Provided records:
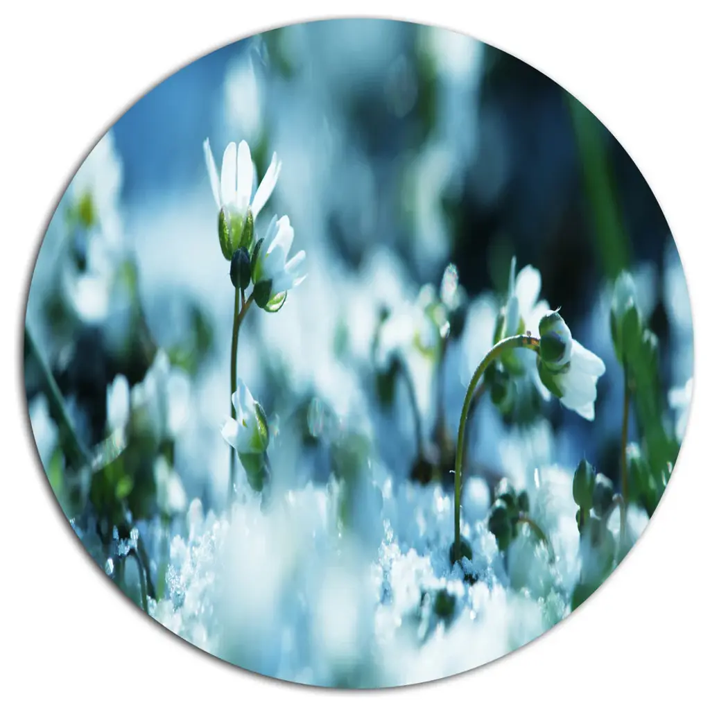 Bring Contemporary Abstraction to your home with this large Circle Metal wall art. This Small White Flowers on Blue Background Metal Artwork makes it the focal point of any room or office. - White Gloss Coating ensures colors are extra vibrant with light reflection.- Aluminum grade Sheet Metal with 1 inch mounting frame on the back giving the illusion that the artwork is floating on the wall..- Mounting Brackets are included along with instructions.- High Quality Digital images are created directly into a glossy aluminum panel producing a stunning and captivating print into the glossy finish of the metal.- Water, Fire and Scratch resistant HD Aluminum panels.- Looks better than any photo paper and guaranteed to last at least 20 years- Easy to clean with a microfiber cloth. Colors are far superior to regular Canvas Art. - Easy to Hang
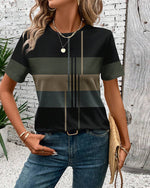 Aumora Round Neck Short Sleeve Striped T-Shirt
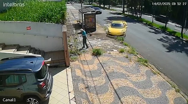 As imagens de CCTV mostram o motorista perdendo o controle do supercarro amarelo e esmagando a parede.
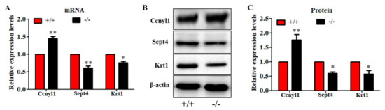 Genetic loss of calcium-binding protein spermatid-associated 1 (Cabs1) altered the expression levels of cytoskeleton-related proteins in sperm. (A) mRNA, (B,C) protein expression levels of cyclin Y-like 1 (Ccnyl1), septin 4 (Sept4), and Krt1 in WT and KO mice. Total RNA was isolated from sperm using a RNAiso Plus kit, and qPCR was performed to detect mRNA expression levels. β-actin gene expression was used as a loading control. Equal amounts of total protein extracted from sperm of Cabs1−/− and wild-type mice were subjected to SDS-PAGE and immunoblotting with antibodies directed against Ccnyl1, Sept4, and Krt1 and β-actin. (B) Blots are representative of three independent experiments, and the combined data are presented in histograms (C). Data in bar graphs are presented as mean ± SE. * p < 0.05 and ** p < 0.01 versus WT.
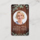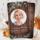 Cartões de Oração Funerária de Sempai com Madeira Rústica e Eucalipto. Este cartão de oração funerária memorial rústico, porém elegante, apresenta um design de madeira rústica com folhagem de eucalipto. Frente "Em Memória Amorosa" Personalize este cartão de oração funerária memorial com a foto, nome e datas de seu ente querido e sentimento. Verso ~ Poema 'Me Sinta', que pode ser personalizado, por favor entre em contato se desejar um design com um poema específico diferente deste. Este cartão de oração funerária memorial será um precioso souvenir para serviços funerários e celebração da vida. DIREITOS AUTORAIS © 2020 Judy Burrows, Black Dog Art - Todos os Direitos Reservados. Cartão de Oração Funerária Memorial com Madeira Rústica e Folhagem.
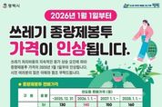시민행정신문 강갑수 기자 | 평택시는 2026년 1월 1일부터 쓰레기 종량제 봉투 가격을 3개년도에 걸쳐 인상한다. 그동안 평택시는 인구증가, 물가상승, 생활 쓰레기 수집 운반 처리비용 증가에도 불구하고 2006년 이후 종량제봉투 가격을 동결해 왔다. 시 관계자는 “현재 평택시의 종량제 가격은 경기도 31개 시군 가운데 최하위 수준이며, 청소예산 재정자립도와 주민부담률이 낮아 가격 인상은 불가피하다”고 밝혔다. 따라서, 대표적으로 일반용 종량제봉투 20리터는 현재 500원에서 110원 인상된 610원으로, 음식물 전용 봉투 1.5리터는 현재 40원에서 20원이 인상된 60원으로, 공동주택에 설치된 음식물종량제기기(RFID)는 1㎏ 단위로 현재 48원에서 12원 인상된 60원으로, 경기도 내 31개 시군 평균 가격을 반영하여 인상안을 마련했다. 다만, 서민경제의 어려움과 시민부담을 고려하여 가격 인상은 3개년도에 걸쳐 단계적으로 시행할 예정으로, 시 관계자는 “종량제봉투 가격 인상에 대한 시민 여러분의 많은 이해와 협조를 부탁드린다”며 “앞으로도 쾌적하고 청결한 도시환경 조성은 물론 질 높은 청소행정

Activity: Omitting the pictures, write out the material above exactly as it stands.

Task answer:
 Bring Contemporary Abstraction to your home with this large Circle Metal wall art. This Small White Flowers on Blue Background Metal Artwork makes it the focal point of any room or office. - White Gloss Coating ensures colors are extra vibrant with light reflection.- Aluminum grade Sheet Metal with 1 inch mounting frame on the back giving the illusion that the artwork is floating on the wall..- Mounting Brackets are included along with instructions.- High Quality Digital images are created directly into a glossy aluminum panel producing a stunning and captivating print into the glossy finish of the metal.- Water, Fire and Scratch resistant HD Aluminum panels.- Looks better than any photo paper and guaranteed to last at least 20 years- Easy to clean with a microfiber cloth. Colors are far superior to regular Canvas Art. - Easy to Hang
 Aumora Round Neck Short Sleeve Striped T-Shirt
 As imagens de CCTV mostram o motorista perdendo o controle do supercarro amarelo e esmagando a parede.
 Genetic loss of calcium-binding protein spermatid-associated 1 (Cabs1) altered the expression levels of cytoskeleton-related proteins in sperm. (A) mRNA, (B,C) protein expression levels of cyclin Y-like 1 (Ccnyl1), septin 4 (Sept4), and Krt1 in WT and KO mice. Total RNA was isolated from sperm using a RNAiso Plus kit, and qPCR was performed to detect mRNA expression levels. β-actin gene expression was used as a loading control. Equal amounts of total protein extracted from sperm of Cabs1−/− and wild-type mice were subjected to SDS-PAGE and immunoblotting with antibodies directed against Ccnyl1, Sept4, and Krt1 and β-actin. (B) Blots are representative of three independent experiments, and the combined data are presented in histograms (C). Data in bar graphs are presented as mean ± SE. * p < 0.05 and ** p < 0.01 versus WT.
 Cartões de Oração Funerária de Sempai com Madeira Rústica e Eucalipto. Este cartão de oração funerária memorial rústico, porém elegante, apresenta um design de madeira rústica com folhagem de eucalipto. Frente "Em Memória Amorosa" Personalize este cartão de oração funerária memorial com a foto, nome e datas de seu ente querido e sentimento. Verso ~ Poema 'Me Sinta', que pode ser personalizado, por favor entre em contato se desejar um design com um poema específico diferente deste. Este cartão de oração funerária memorial será um precioso souvenir para serviços funerários e celebração da vida. DIREITOS AUTORAIS © 2020 Judy Burrows, Black Dog Art - Todos os Direitos Reservados. Cartão de Oração Funerária Memorial com Madeira Rústica e Folhagem.
시민행정신문 강갑수 기자 | 평택시는 2026년 1월 1일부터 쓰레기 종량제 봉투 가격을 3개년도에 걸쳐 인상한다. 그동안 평택시는 인구증가, 물가상승, 생활 쓰레기 수집 운반 처리비용 증가에도 불구하고 2006년 이후 종량제봉투 가격을 동결해 왔다. 시 관계자는 “현재 평택시의 종량제 가격은 경기도 31개 시군 가운데 최하위 수준이며, 청소예산 재정자립도와 주민부담률이 낮아 가격 인상은 불가피하다”고 밝혔다. 따라서, 대표적으로 일반용 종량제봉투 20리터는 현재 500원에서 110원 인상된 610원으로, 음식물 전용 봉투 1.5리터는 현재 40원에서 20원이 인상된 60원으로, 공동주택에 설치된 음식물종량제기기(RFID)는 1㎏ 단위로 현재 48원에서 12원 인상된 60원으로, 경기도 내 31개 시군 평균 가격을 반영하여 인상안을 마련했다. 다만, 서민경제의 어려움과 시민부담을 고려하여 가격 인상은 3개년도에 걸쳐 단계적으로 시행할 예정으로, 시 관계자는 “종량제봉투 가격 인상에 대한 시민 여러분의 많은 이해와 협조를 부탁드린다”며 “앞으로도 쾌적하고 청결한 도시환경 조성은 물론 질 높은 청소행정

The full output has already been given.